By "classical" barter, I mean a kind of system where you've created a whole system of measuring the value of one good against tens or even hundreds of others. E.g. a can of beans is worth a carton of milk or half a steak, a chocolate cheesecake is worth five bowls of porridge etc.
More importantly though, classical barter has actually never existed in history. Economics textbooks -- and economists, of course -- have perpetuated the myth that it did, mostly to suit their own narratives about the origins and nature of money.
Instead, we overwhelmingly find people engaging in "gift economies" or relations of reciprocity with each other, where the logic of quantification is mostly absent.
Not saying it's any easier, though! And in any case you don't wanna believe someone (like me) who spouts theory and has almost no real world experience :) ultimately any experiments you actually try out are way more impactful than my comment!
deciding the relative value of things is deeply personal and very important if we care about individual people! it's not capitalism to not want to trade away beans for steak if you can make steak at home easily, or maybe you're happy to take a 'bad' trade because the person you're trading with needs some extra help.

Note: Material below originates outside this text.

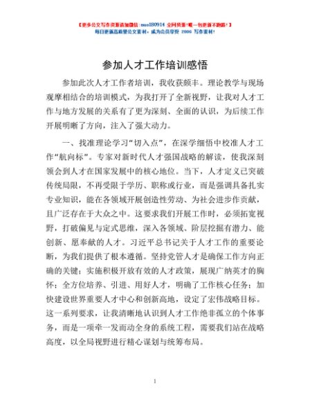 / 参加人才工作培训感悟

you're right that basically no one did 'classical barter' trading apples for oranges directly, but there are numerous examples of people freely trading in credit (debt) over a variety of timescales and social systems.
it's not hierarchical to decide for yourself what you want and what you're willing to give up in relation with other people, in fact i'd say understanding the necessity of that is a fundamental part of anarchism.
where exchange gets tricky is when it's coerced, or the circumstances surrounding it are coercive. if there's an authority figure putting a gun in your back demanding money every month for the privilege of living in your own house, then trading with others to "earn" that money will definitely be a bad situation for you. it's the specific enforcement of properties as we know them under capitalism that's the problem, not exchange in the abstract.
Oh yes, I agree with you on both counts:
My point is that the more such decisions are quantitative in nature, the more like reciprocal relations are to turn into mercantile or even hierarchical ones.
There's also the distinction between personal and public spheres. Value systems across either sphere can be radically different, but that's a whole other can of beans (no pun intended).